When provided in a sustainable and resilient manner, however, infrastructure holds great potential to protect inhabitants from shocks and stresses and guarantee an uninterrupted delivery of basic services, including municipal, mobility and social services as well as utilities. As groups in vulnerable situations, like the urban poor, often settle in risk-prone – though more affordable – areas, properly designed and maintained infrastructure in hazard zones has the power to substantially scale down human and environmental vulnerability to disasters.

Strengthening critical facilities and infrastructures, such as hospitals, power plants, dams and bridges, as well as logistical entry and distribution points in and near urban centres, significantly reinforces capacities that are vital in both normal and emergency situations, enabling the avoidance of food scarcities, electricity outages, and sewage overflows.

Additionally, in the international development field, infrastructure has proven to play a critical role in economic growth and poverty reduction. Indispensable to the fulfilment of human needs and thus the functioning of societies and economies, infrastructure investment is leveraged to spur development by improving access to basic services.

With over half of the global population now living in cities and around 3 billion more people expected to reside in urban areas by 2050, UN-Habitat – as the United Nations agency responsible to act as a focal point on sustainable urbanization – commits to improving the lives of people in urban areas around the world. Grasping the necessity of providing access to basic services as a stepping stone to raise standards of living, UN-Habitat has over the past decades been strongly invested in the sound construction and management of infrastructure in order to consolidate service delivery. The agency’s Urban Basic Services Branch provides policy and technical support to countries and local authorities in the areas of water, sanitation, waste management, mobility and energy.

UN-Habitat’s City Resilience Profiling Tool (CRPT), through its methodology for building resilient urban environments, highlights the need for robust, safe and available infrastructure to ensure the accessibility and continuity of services and flows for all, in the face of any type of shock or stress, from natural to social or technological.
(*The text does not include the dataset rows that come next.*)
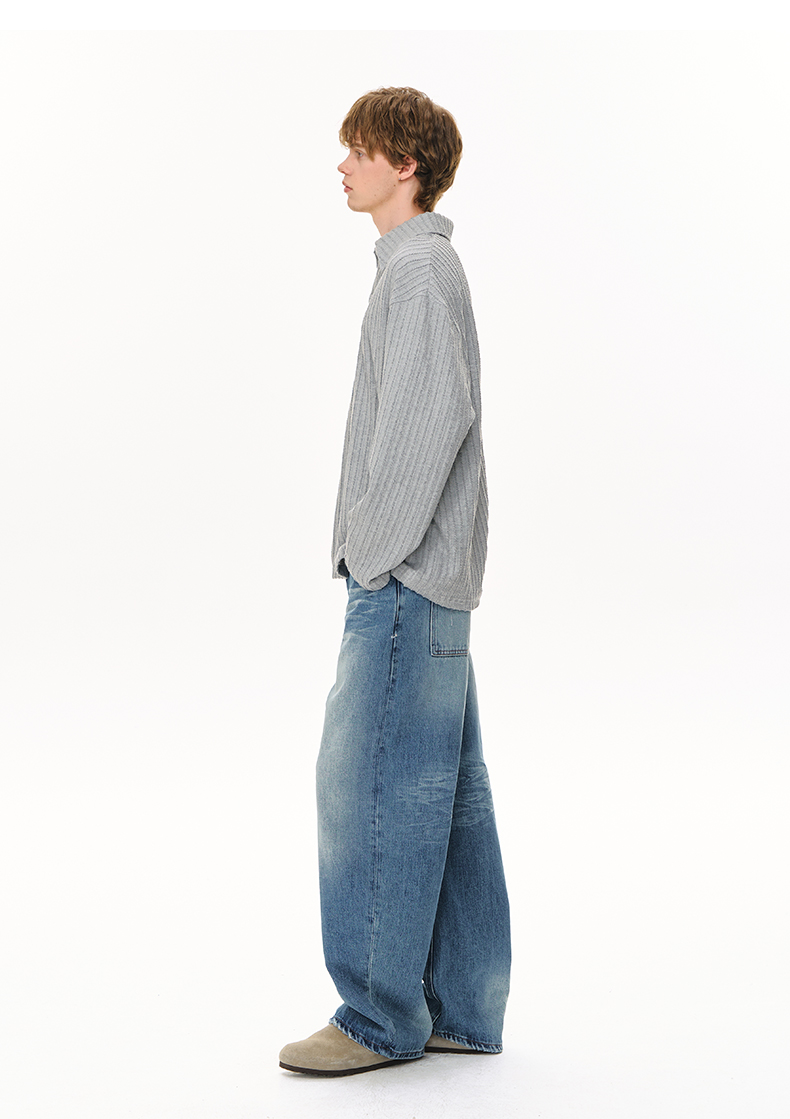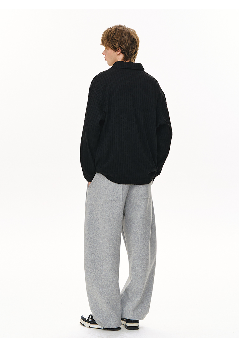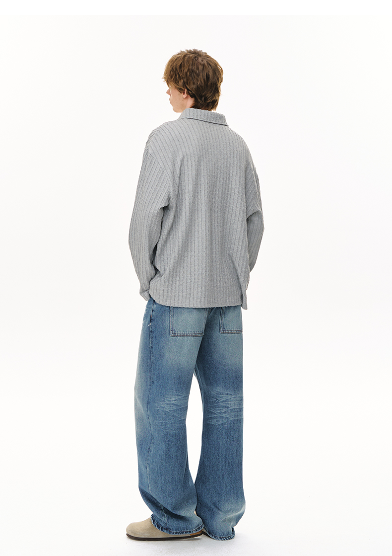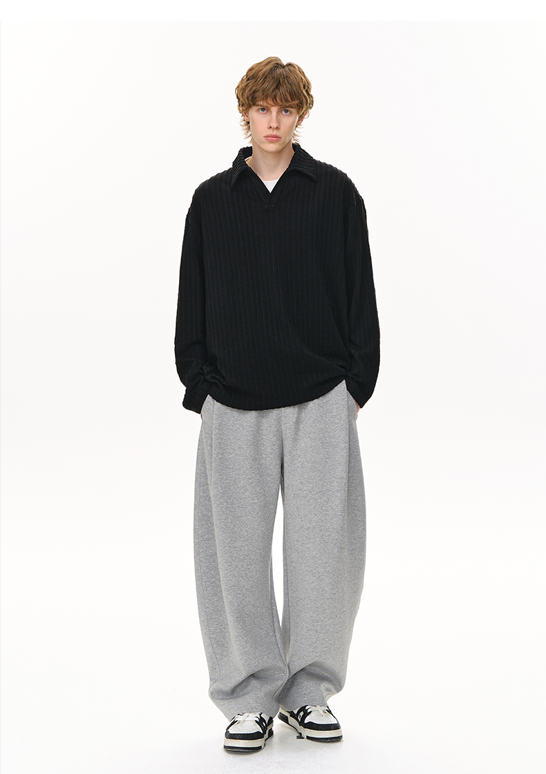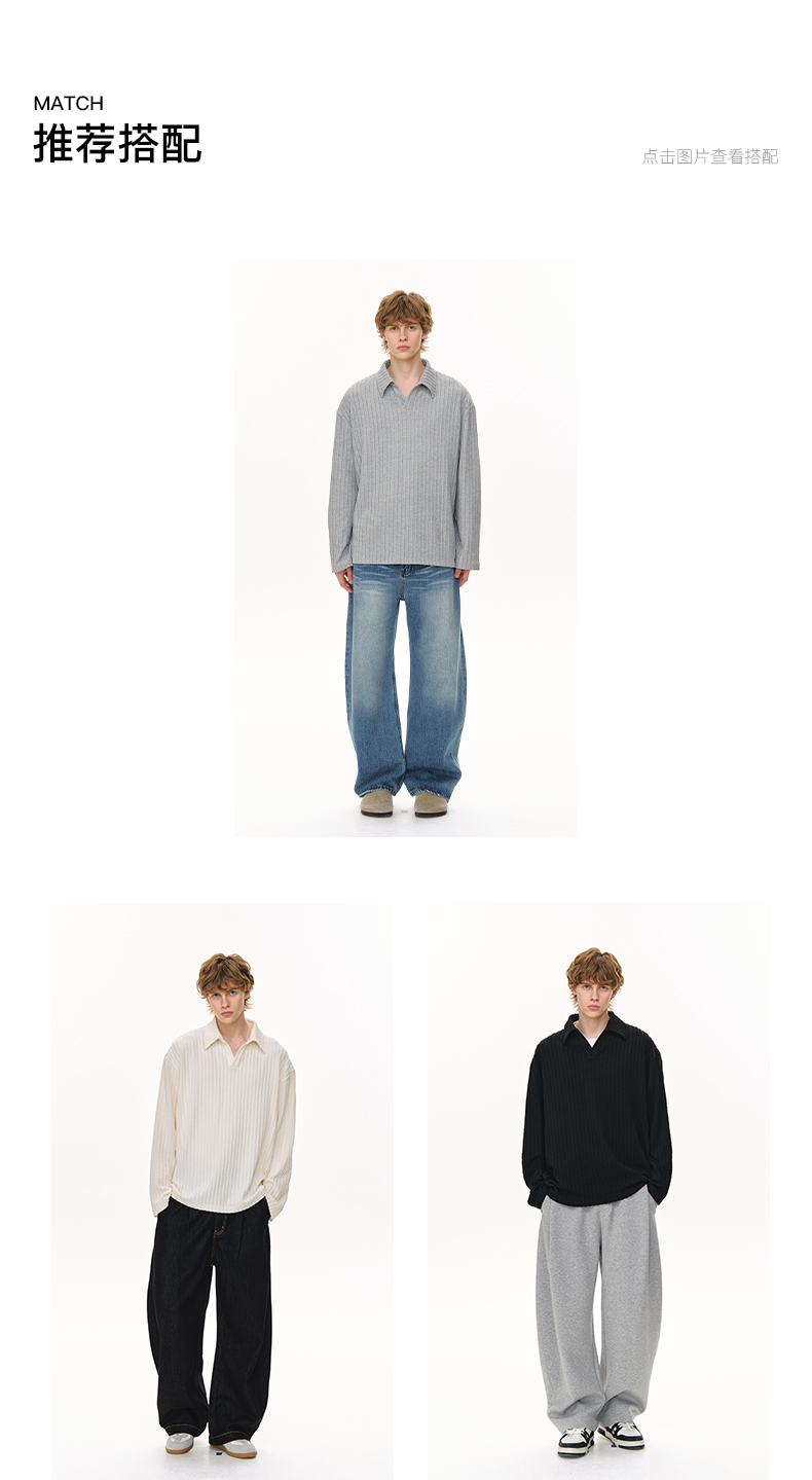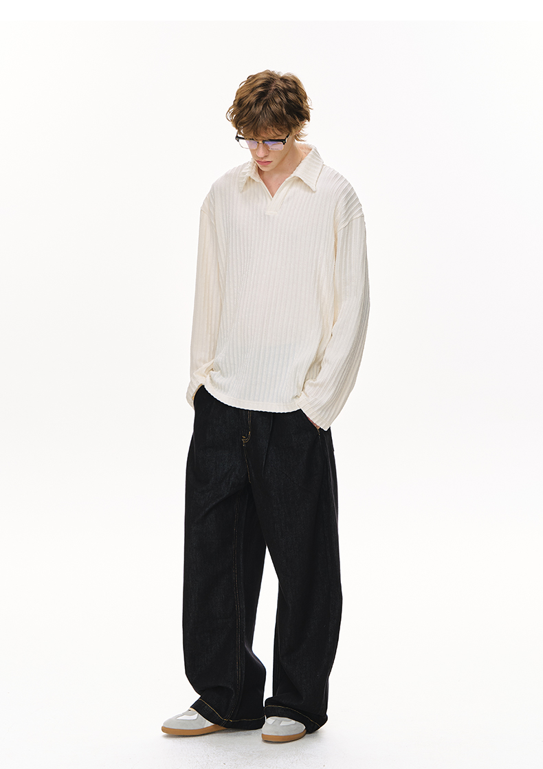 Climax Vision Old Money Style Comfortable and Lazy Wheat Pattern Knit Polo Shirt High-End V-Neck Long-Sleeve T-Shirt
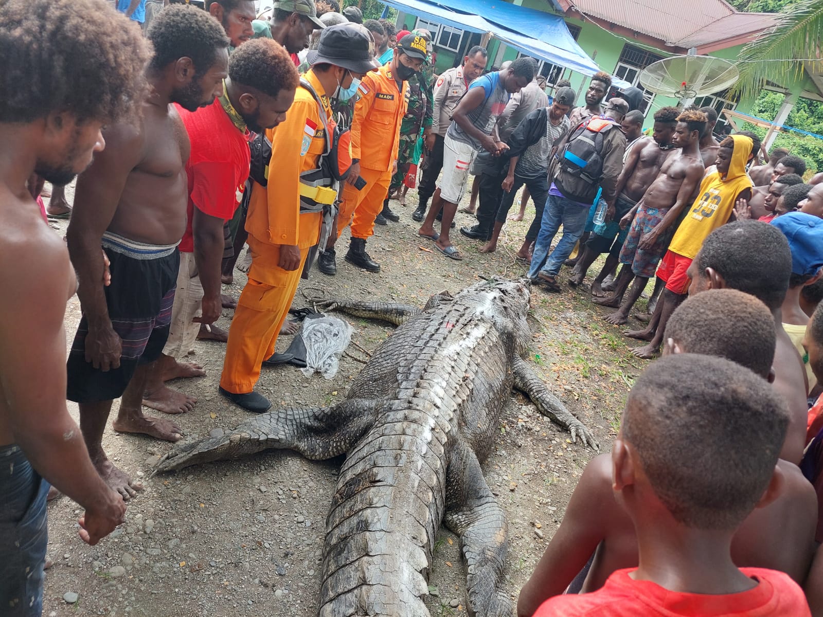 Setelah korban diambil dari mulut buaya yang berukuran tujuh meter panjangnya, korban langsung dievakuasi oleh Tim SAR gabungan menuju rumah duka bersama dengan buaya yang memangsa korban.
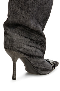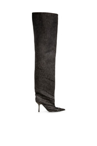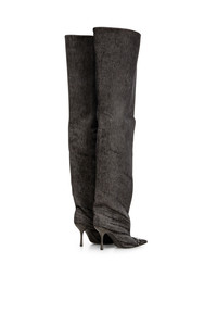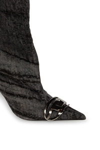 Product Description These women’s over-the knee boots in coated black-wash denim are an exclusive Fall Winter 2025 Runway Show style. Designed with a wide, slightly slouchy shaft that engulfs the leg from ankle to thigh, these cuissardes feature sharply pointed toes and 9cm stiletto heels. The bold Oval D hardware is an expression of Diesel’s identity. Made in Italy. ID: Y03802P8665 Materials & Details Composition: 100%Cotton Fall Winter 2025 Runway Show 9cm stiletto heel Made in Italy
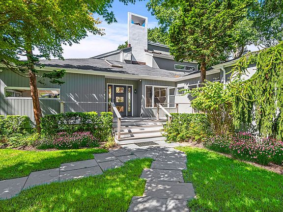 This sun-filled contemporary situated on a private 1 +/- acre was meticulously renovated in 2021. A thoughtfully designed floor plan provides 3,500 +/- square feet of open living space, 3 bedrooms, 3 baths and den. The dramatic open-concept layout features expansive skylights that fill the home with natural light. The first floor features a living room with fireplace, a stylish dining area, a sleek eat-in kitchen and comfortable family room, all seamlessly integrated. Walls of sliding glass doors connect the interior to an expansive multi-level wood deck surrounding a heated gunite pool, providing a relaxing indoor-outdoor lifestyle. The first floor also includes two separate bedroom wings; a tranquil primary suite and an additional guest suite with a full bath and adjacent den. Upstairs, a private loft-style bedroom suite features its own deck overlooking the pool, offering an ideal retreat for guests. Additional amenities are a full unfinished basement, a two-car garage, and mature landscaping. Enjoy close proximity to Quogue Village shops, dining and beach - making this a perfect year-round residence or weekend escape.
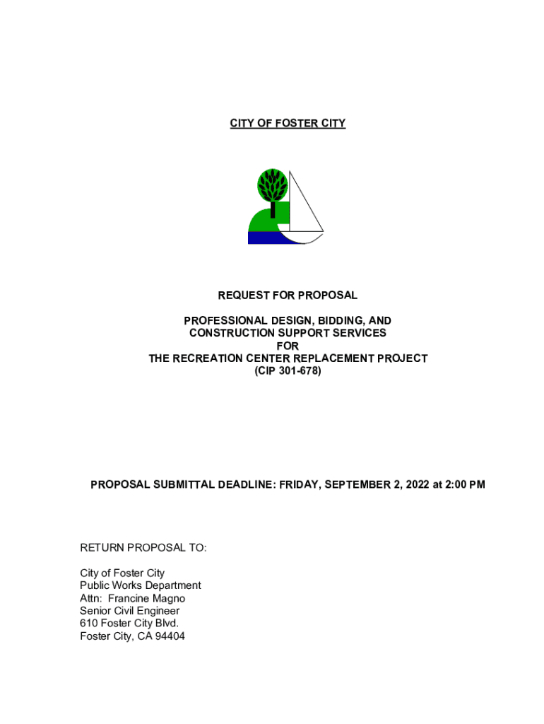 CITY OF FOSTER CITYREQUEST FOR PROPOSAL PROFESSIONAL DESIGN, BIDDING, AND CONSTRUCTION SUPPORT SERVICES FOR THE RECREATION CENTER REPLACEMENT PROJECT (CIP 301678)PROPOSAL SUBMITTAL DEADLINE: FRIDAY,
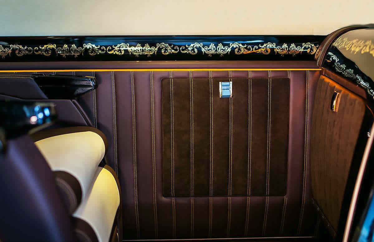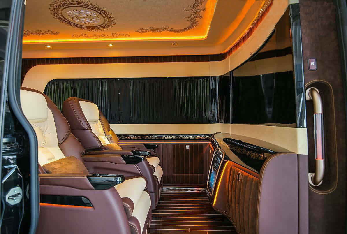 前排真皮包覆方向盘,中央扶手替换为车载大容量冷藏箱,随时为后排贵宾供应新鲜,前后排是有分隔屏隔断,墙上配备了大曲屏电视和哈曼卡顿音响。豪华的内饰舒心舒适,缓解工作上的疲劳,娱乐配套设施又给您放松之余来些娱乐。这些享受就是俊浩改装的斯宾特所带给你。稳坐车内即可让您安静地大隐于市,闲逸潇洒于繁华都市之间。
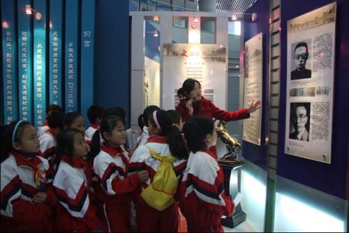 11月26日,在合肥团市委、蜀山区团委和安徽大学志愿者组织的精心安排下,50余名来自合肥市蜀山小学的农民工子女在安徽大学商学院志愿者的陪伴下,参观了安徽大学磬苑校区、杏坛广场、文典阁、校史陈列馆、图书馆等。
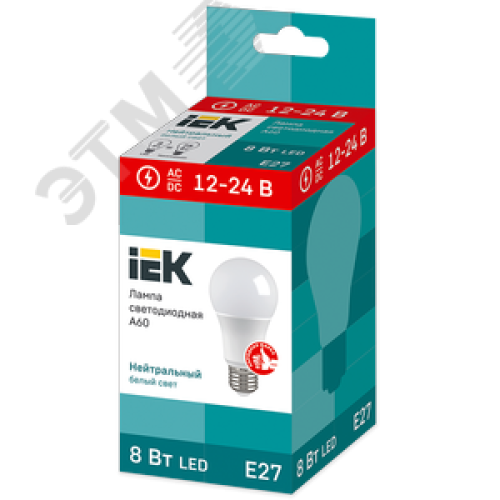 Лампа светодиодная A60 груша 8Вт 12-24В 4000К E27

Adopting a systemic, holistic approach to cities, the CRPT recognises that damage to the infrastructure of one sector can generate a cascading effect of breakdowns in others. The CRPT therefore goes beyond a physical and sector-based understanding of infrastructure and services and seeks to analyse the relationships between spatial nodes and relevant stakeholders across the entire urban system. Identifying vulnerabilities, synergies and interlinkages between the various networks, assets and institutions, this methodology lays the groundwork to develop evidence-based, people-centred recommendations to build urban resilience at the urban scale.

The Infrastructure Improvement Enhancer outlines how the CRPT understands and studies the adequacy of infrastructure in an urban setting and incorporates a list of indicators that can provide a starting point for local governments to evaluate the strengths and weaknesses of their urban infrastructure systems. Officials should consider complementing their reading of this Enhancer with information coming from various CRPT Enhancers and Guides to enable a comprehensive view on the intersection of infrastructure with other transversal issues.